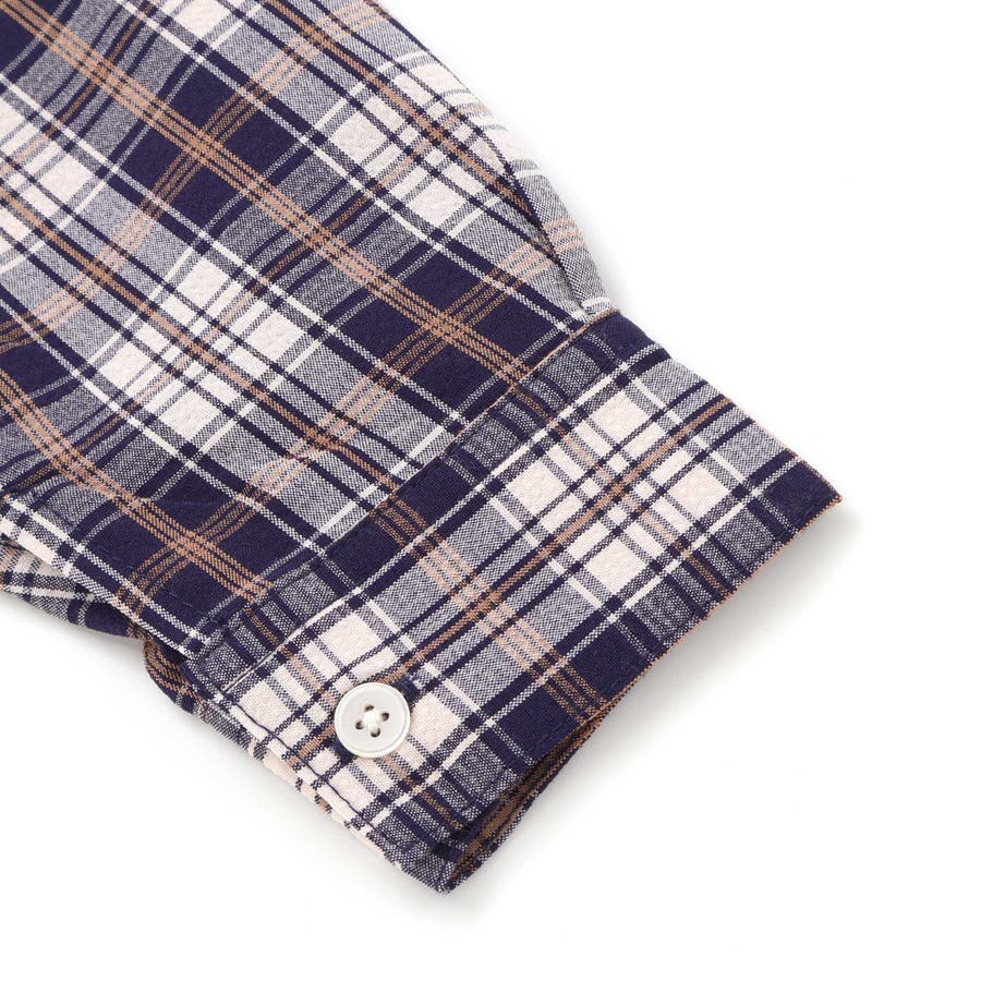 シャツは色や太さが異なるタータンチェックが目を惹きます。
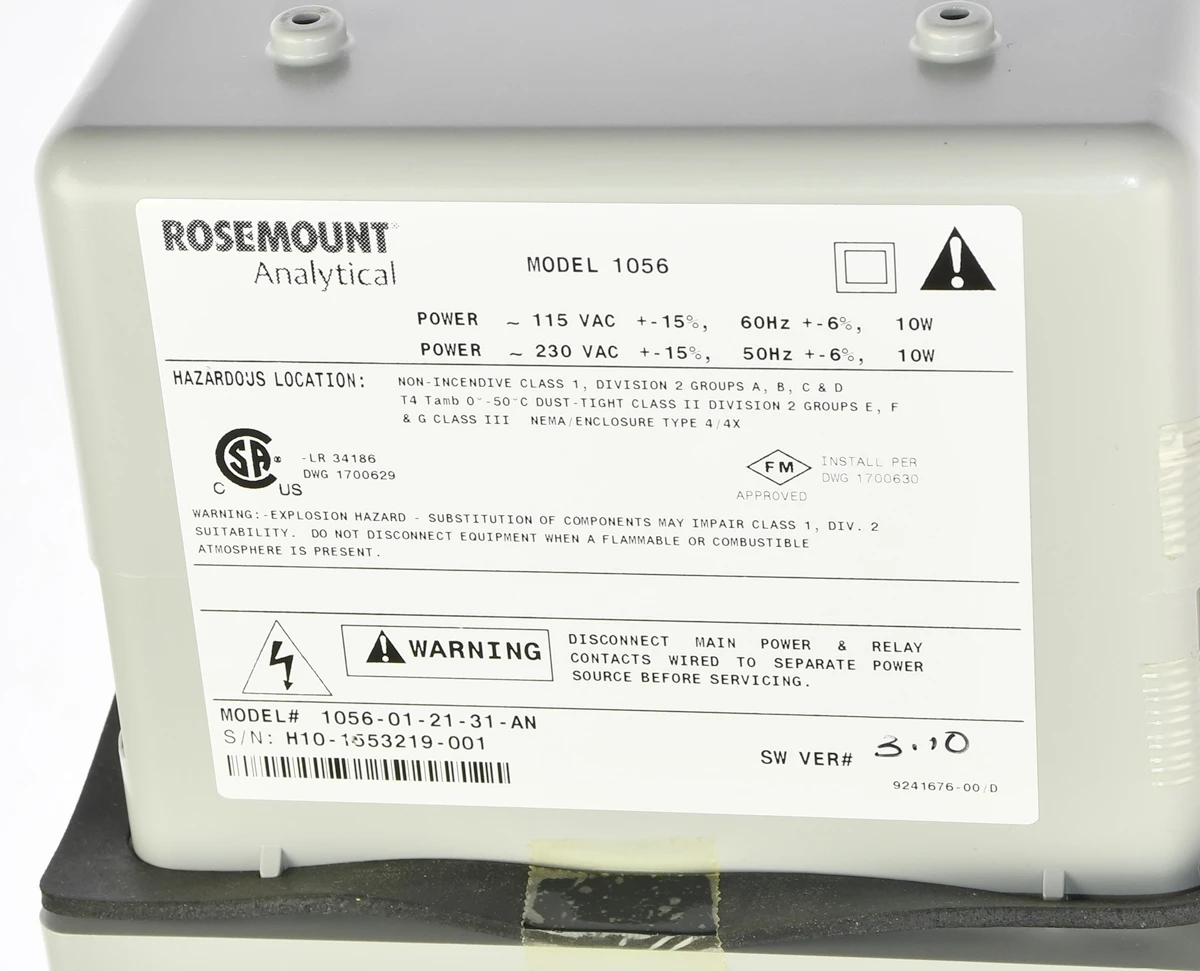 Produkt o oznaczeniu: 1056-01-21-31-AN ROSEMOUNT, produkt firmy: EMERSON. Przemysłowy analizator procesowy. Urządzenie przeznaczone do pomiaru i monitorowania parametrów cieczy w aplikacjach przemysłowych, takich jak uzdatnianie wody, przemysł chemiczny, spożywczy i farmaceutyczny.
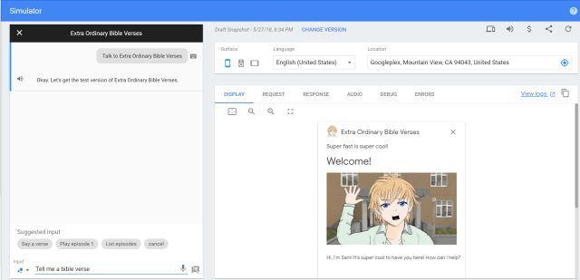 The “Play Random Bible Verse” intent does not use the “respond()” method because the spoken dialog consists of Sam introducing who says the real bible verse (“Here is a bible verse from Deb”), followed by the recording of the verse itself. Instead of “I’m on it” the text of the introduction is displayed – you may notice the verse text is not displayed – it is only shown on the card. The card also leaves off the introductory text on smart screens as it is not important – cards should display a summary of the most important information.
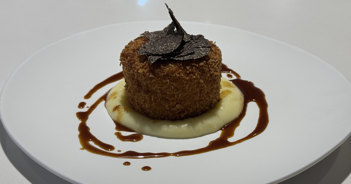 L’ispirazione per questo piatto nasce dalla voglia di Salvatore Davide di valorizzare i prodotti locali e a km 0 di Castellderçol e dintorni. L’obiettivo della sua ricetta infatti, è quello di esaltare i sapori autentici della regione, difatti l’agnello proviene da un allevamento locale, le patate da Caldas de Montbui e il tartufo nero da Castellcir, garantendo nella sua proposta ingredienti freschi e di alta qualità. Inoltre, l’abbinamento di una cottura lenta e precisa a tecniche di frittura contemporanea, aggiungeranno struttura e profondità al piatto.
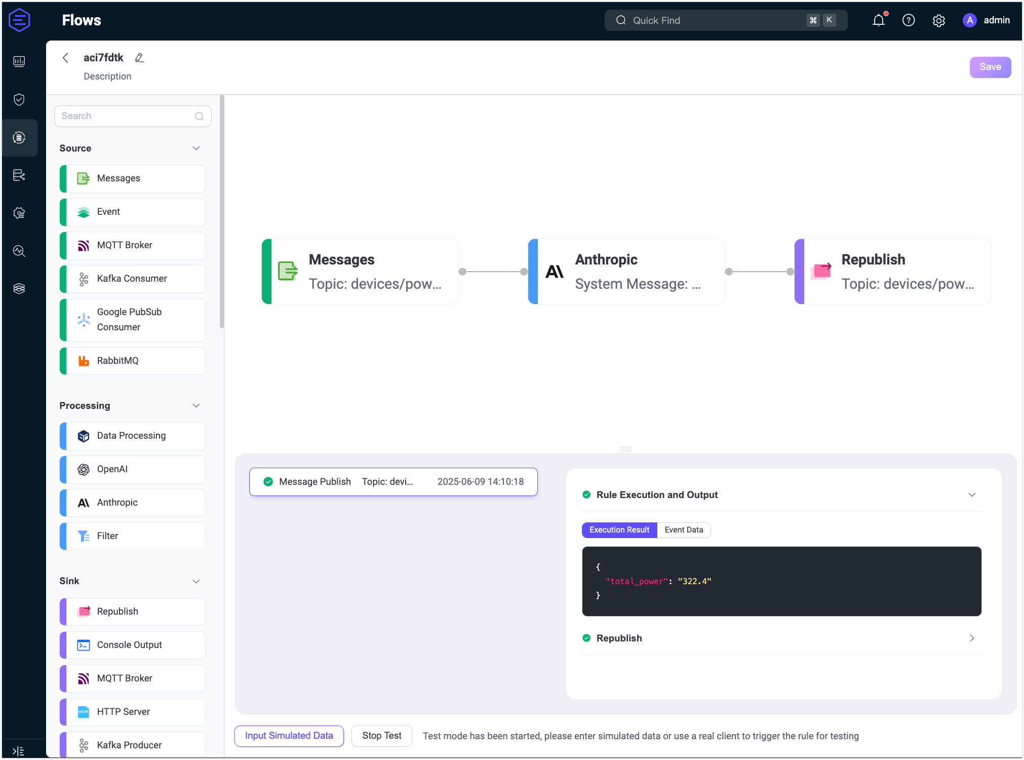 To quickly test the flow, you can use the Diagnostic Tools -> WebSocket Client on the Dashboard to simulate an MQTT client. Alternatively, you can also use the MQTTX tool or a real MQTT client:
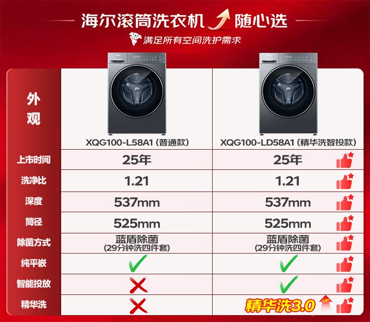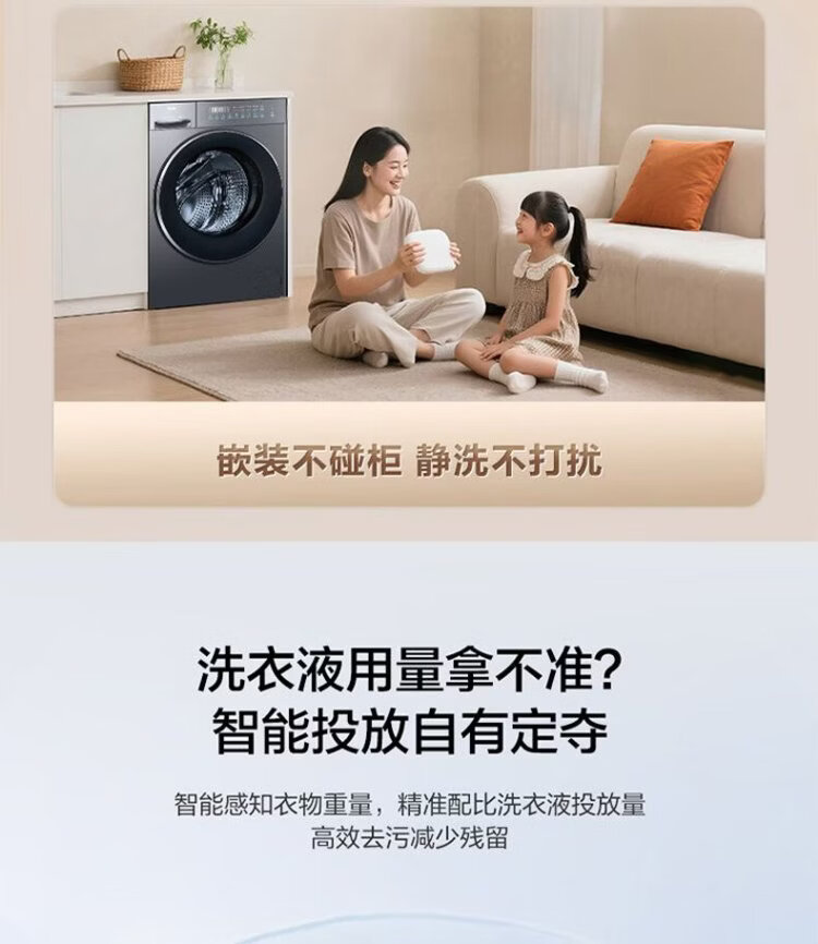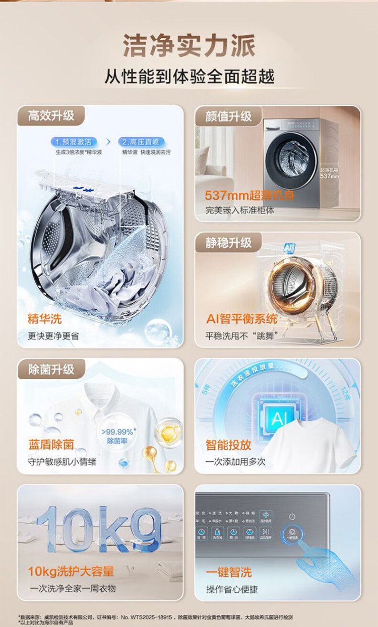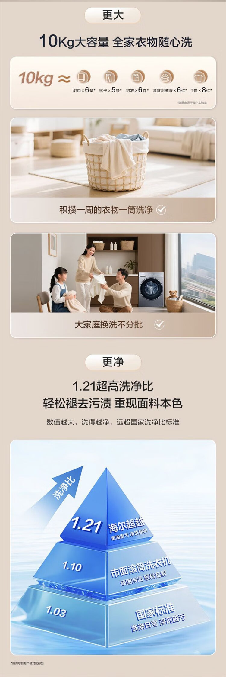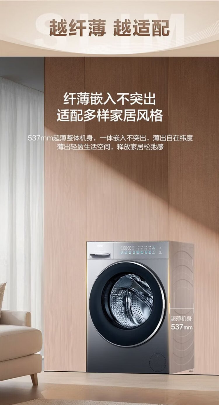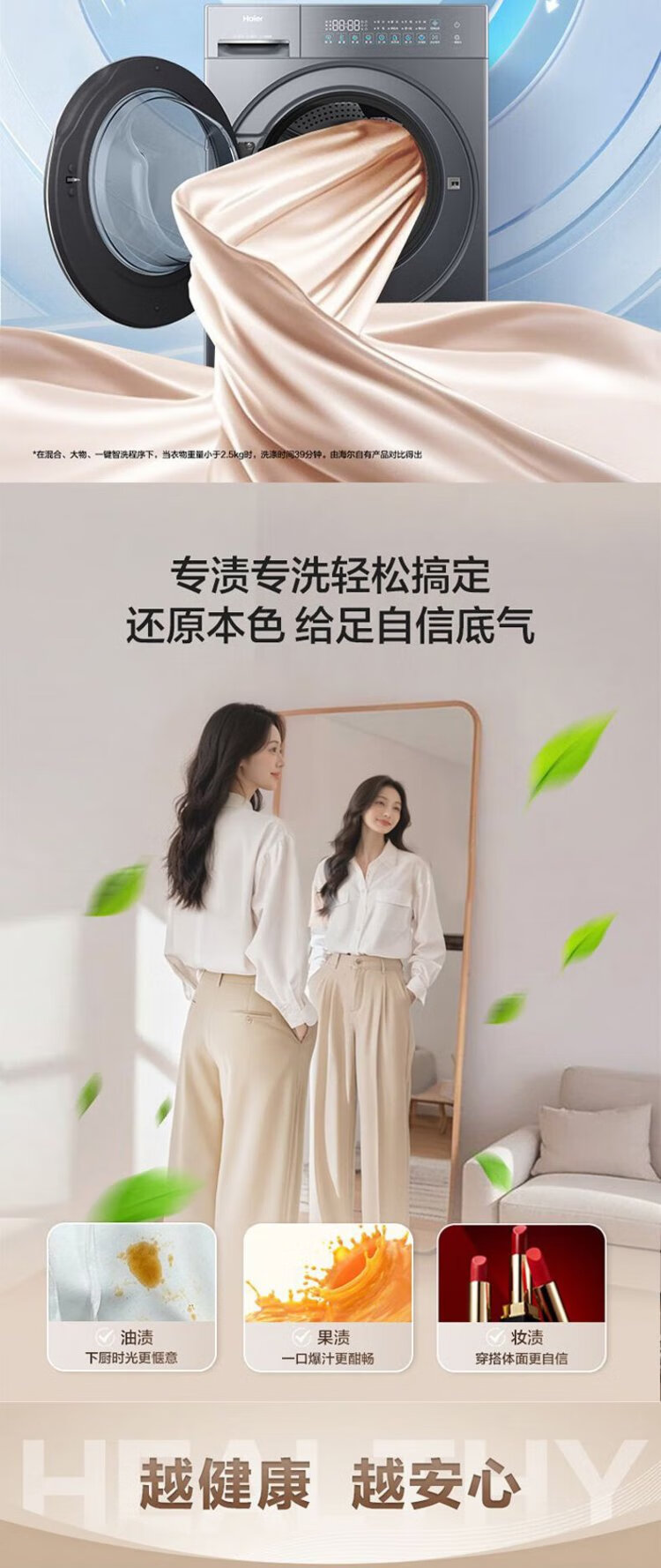 Haier Essence Washing Drum Washing Machine 10KG Household Fully Automatic Frequency Conversion Ultra-Thin Smart Put Blue Shield Sterilization Eight-Dimensional Shock Absorption One Piece Smart Wash + Anti-Rust XQG100-LD58A1
----
Wherever a picture appears, omit it; copy the rest of the data exactly.

 シャツは色や太さが異なるタータンチェックが目を惹きます。
 Produkt o oznaczeniu: 1056-01-21-31-AN ROSEMOUNT, produkt firmy: EMERSON. Przemysłowy analizator procesowy. Urządzenie przeznaczone do pomiaru i monitorowania parametrów cieczy w aplikacjach przemysłowych, takich jak uzdatnianie wody, przemysł chemiczny, spożywczy i farmaceutyczny.
 The “Play Random Bible Verse” intent does not use the “respond()” method because the spoken dialog consists of Sam introducing who says the real bible verse (“Here is a bible verse from Deb”), followed by the recording of the verse itself. Instead of “I’m on it” the text of the introduction is displayed – you may notice the verse text is not displayed – it is only shown on the card. The card also leaves off the introductory text on smart screens as it is not important – cards should display a summary of the most important information.
 L’ispirazione per questo piatto nasce dalla voglia di Salvatore Davide di valorizzare i prodotti locali e a km 0 di Castellderçol e dintorni. L’obiettivo della sua ricetta infatti, è quello di esaltare i sapori autentici della regione, difatti l’agnello proviene da un allevamento locale, le patate da Caldas de Montbui e il tartufo nero da Castellcir, garantendo nella sua proposta ingredienti freschi e di alta qualità. Inoltre, l’abbinamento di una cottura lenta e precisa a tecniche di frittura contemporanea, aggiungeranno struttura e profondità al piatto.
 To quickly test the flow, you can use the Diagnostic Tools -> WebSocket Client on the Dashboard to simulate an MQTT client. Alternatively, you can also use the MQTTX tool or a real MQTT client:
 Haier Essence Washing Drum Washing Machine 10KG Household Fully Automatic Frequency Conversion Ultra-Thin Smart Put Blue Shield Sterilization Eight-Dimensional Shock Absorption One Piece Smart Wash + Anti-Rust XQG100-LD58A1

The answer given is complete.